Can somebody point me to a blog with engagement ring buying tips?


----------



## high octane (Jul 21, 2009)

Tell her how corrupt the diamond industry is, then spend the money on something worthwhile

Diamond rings are the worst consumer tradition ever


----------



## brad (May 22, 2009)

I agree with high octane. I know quite a few happily married couples who never bothered with an engagement ring, and even some who didn't bother with wedding bands. If you step back from the tradition and look at it objectively, it's kind of silly. There are a lot more wonderful things you could do for the woman you love with the same amount of money.


----------



## Dr_V (Oct 27, 2009)

Well, my wife loves her wedding rings. They make her happy to this day -- and she tells me so reasonably regularly. This is years after being married, so I suspect that the investment worked out pretty well for me.

My general advice to you is: do what makes you -- and your betrothed -- happy. Diamonds aren't the only precious gemstone, but some people like them more than others.
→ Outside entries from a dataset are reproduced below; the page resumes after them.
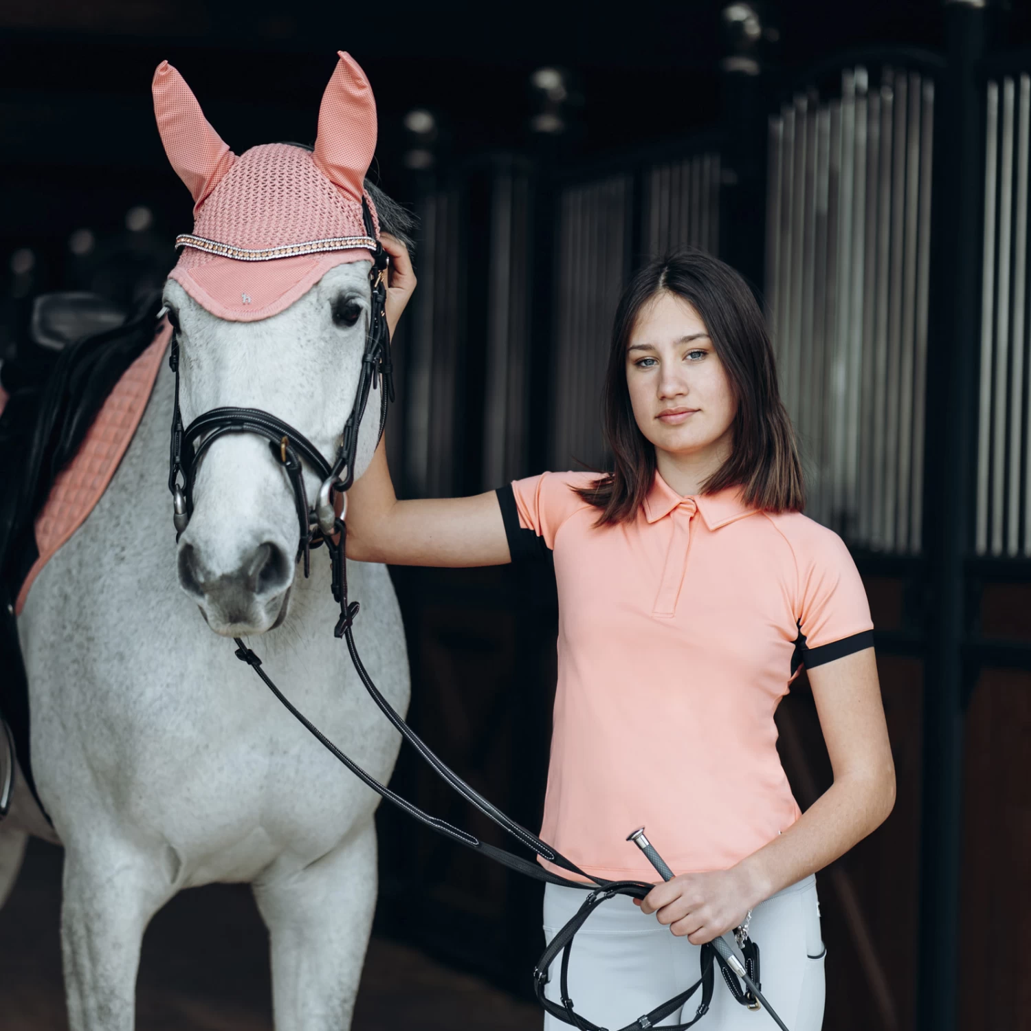 The Horze Laura shirt is perfect for active days: In your daily training, time in the stables and on summer rides. Mesh fabric on the armpits keeps you cool, and the firm fabric feels soft on your skin. Summery colors are easy to incorporate into your seasonal wardrobe. The classic cut is sporty and timeless. A metallic logo at the back adds an eye catching detail.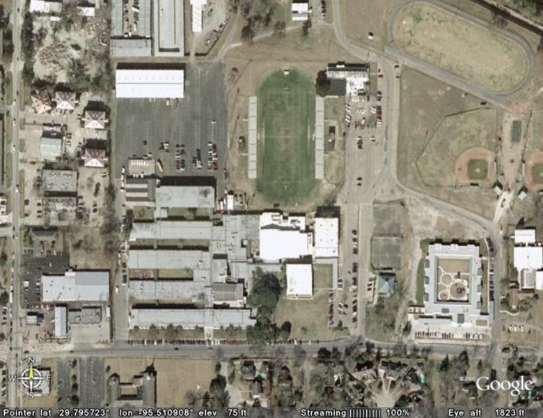This is where I went to school from 1966 to 1969 (6th thru 8th grade). This picture must have been taken in the winter when all the grass in Houston turns brown (California dreaming?). That is Interstate 10 (Katy freeway) on the left. In this picture east is up and west is down. I knew back then that I-10 eventually ended at the pier in Santa Monica, California, and most days back then I would dream of the day when I could just get on that freeway go all the way to Hollywood, California.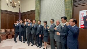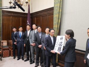 衆議院本館幹事長室に於いて西脇隆俊京都府知事の推薦証交付式が行われ、高市早苗総理より推薦証が手交されました。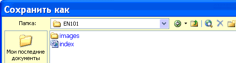 В окне приложения появится новая пустая страница. Сохраняем страницу, но перед тем, как сохранить страницу в окне «Сохранить» создаем папку, например EN101, в которой создаем вложенную папку images для рисунков, а затем сохраняем страницу в папке EN101. Имя страницы назначаем - index, что означает домашняя или главная страница. Редактор сохраняет страницу с расширением .htm. Таким образом, в папке EN101, будет находиться вложенная папка images и файл index.htm.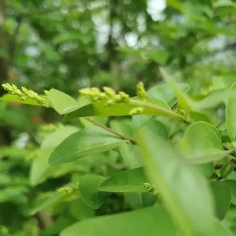 花小,总状花序腋生,长1-2厘米,花梗极短,长约3毫米;花萼4-6片,卵形,长2.5-3.5毫米,外面有短毛;花瓣缺;雄花有多数雄蕊,花丝细长,长约4.5毫米,花药椭圆形,底着药;花盘由多数腺体组成,包围着雄蕊;雌花的萼片与雄花同;子房椭圆形,无毛,长约4.5毫米,1室,有2侧膜胎座,花柱短,柱头2裂;花盘圆形,边缘稍波状。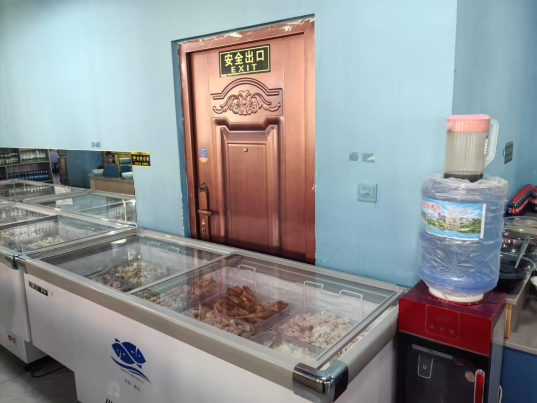 場所二樓西側(cè)安全出口處放置冰箱,飲水機(jī)等電器,占用安全出口,違反了《中華人民共和國消防法》第二十八條之規(guī)定

As for my diamond-specific advice...

(1) Size != quality. I bought my wife a smaller diamond that had a nicer cut, clarity, and colour -- it's much more sparkly.

(2) Size != convenient. A huge honkin' diamond in a traditional solitaire setting is going to get whacked against things. I opted for a tension-fit diamond in a platinum setting, so it has a low profile against my wife's finger. (I'm also not a big fan of gold.)

(3) Weight. The weight of the ring is important insofar as the fact that a heavy ring can be reasonably annoying to first-time ring wearers, and can also be annoying when your finger gets cold and the ring shifts around a fair bit.


Lately, I've been rather taken by the concept of man-made diamonds -- these are actual diamonds, not diamond simulants. In particular, http://apollodiamonds.com makes nearly-flawless man-made diamonds via plasma-enhanced chemical vapour deposition. You may find this article interesting. 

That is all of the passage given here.